Notes for Lab 6

Exercise 1#

Just above the for (y...) loop to compute pix_par[], add:

#pragma omp parallel for schedule(dynamic) default(shared) private(x,c)

Note that the variables x (inner loop variable) and c (pixel info variable) are set to be private variables, and thus each thread has its own copy of the variable. If this was not the case, we would have data race conditions (and thus an incorrect program) when updating x and c from different threads.

Exercise 2#

Choosing 40x40 image size (mandel.in from Lab 2) from a batch run:

p	1	2	4	8	16	32	p=32 on `mandel2.in`
MPI	0.0133	0.0067	0.0033	0.0018	0.0014	0.0014	0.0008
OMP dynamic	0.0133	0.0076	0.0040	0.0026	0.0063	0.0075	0.0057
OMP static	0.0132	0.0083	0.0092	0.0076	0.0069	0.0074	0.0087
OMP static, 1	0.0132	0.0084	0.0058	0.0024	0.0061	0.0061	0.0056

The MPI program corresponds to OMP static but somehow gives better performance. On this data, the OMP dynamic mapping strategy achieves no clearly better performance, as its load balance on this set of data is very small.

Exercise 3#

ust above the j loop where we update tnew, add:

#pragma omp parallel for default(shared) private(i)
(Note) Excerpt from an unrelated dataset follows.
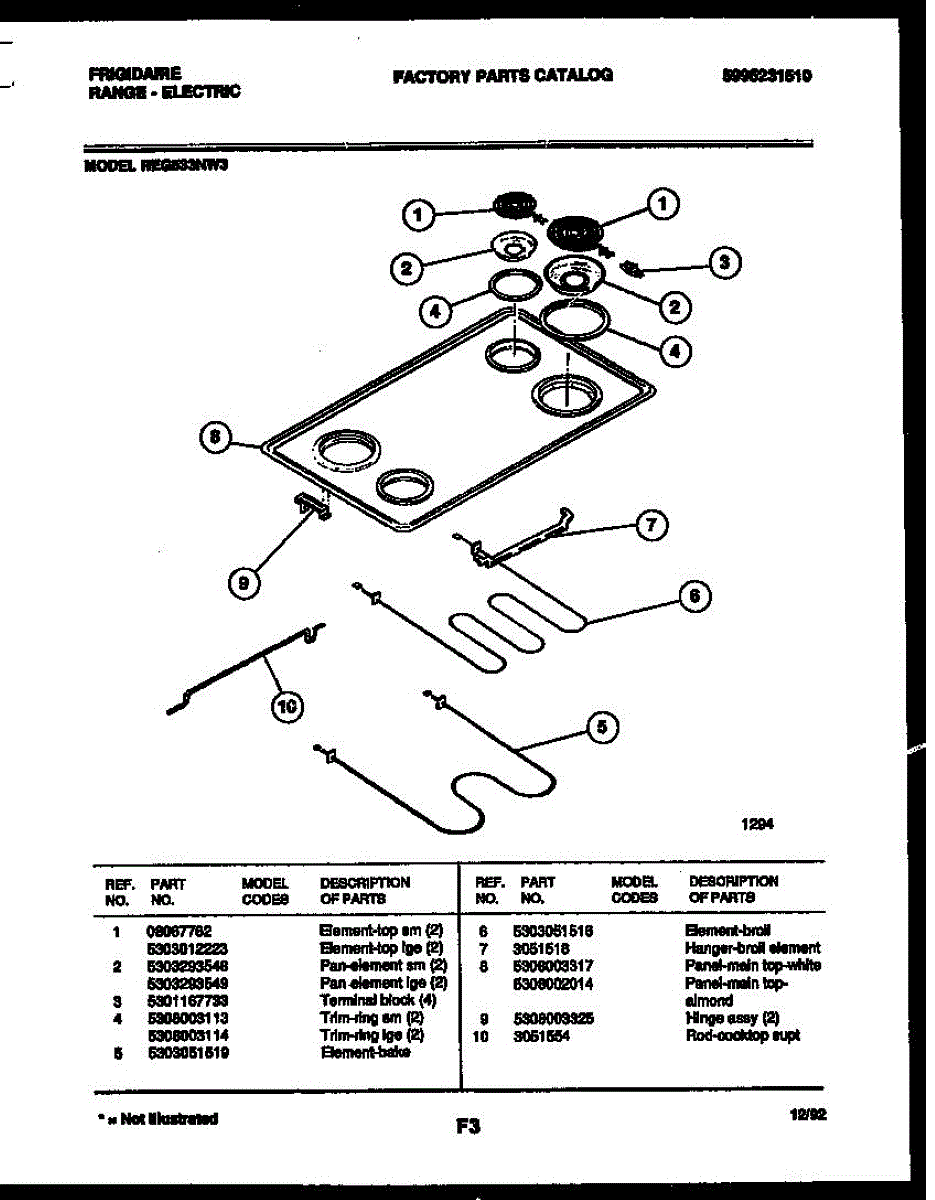 Parts for Frigidaire REG533NW3: 03 - Cooktop And Broiler Parts

(the private clause is needed as in question 1) and further below:

  #pragma omp parallel for
  for (i = 0; i < Nx*Ny; i++) told[i] = tnew[i];

The remaining loop to parallelize calculates mxdiff which we can do using a reduction clause.

#pragma omp parallel for default(shared) private(i,tdiff) reduction(max: mxdiff)

Exercise 4#

We use heat.input (Ny=Nx=5000). These results are from a batch run:

p	1	2	4	8	16
MPI	1.1632	0.8156	0.6371	0.5382	0.5946
OMP	1.0022	0.5739	0.4417	0.5907	0.7008

OMP is initially a little faster. However, there are scalability limitations with both, despite this being a relatively large problem size.

Exercise 5#

The main thread exits without waiting for the child threads. Thus the child threads sometimes do not get a chance to complete sending their messages to standard output. Sometimes, messages get repeated due to incorrect cleanup of I/O buffers. The fix is to add the following after the loop creating the threads:

  for (i=0; i < n; i++)
    pthread_join(threads[i], NULL);

Exercise 6#

In hello(), we add a new instance variable n to the struct type parm, we modify the printf() to printf("Hello from thread %d of %d threads\n", p->id, p->n); in hello(void *arg), and in main(), just before the call to pthread_create(), we add p[i].n = n;.

Exercise 7#

In cpi(), add the declarations for the block distribution’s number of points and starting point:

  int mynumpoint = numpoint / nthread +
    (myid < nthread-1? 0: numpoint % nthread);
  int my1stpoint = myid * (numpoint / nthread);

and change the loop to:

  for (i = 1; i <= mynumpoint; i++) {
    x = h * ((double) (my1stpoint + i) - 0.5);
    sum += 4.0 / (1.0 + x * x);
  }

You may have found that simply doing a division of pi by nthread before printing the final pi value (line 81) would also lead to the correct result (without any changes as above). This is because the original cpi function called from every thread just computes the full pi independently of each other. However, this does NOT actually partition/parallelize the computation; you would not get any speed-up out of this. The point of this exercise is to grasp how to partition the workload (numpoint iterations) based on the thread ids.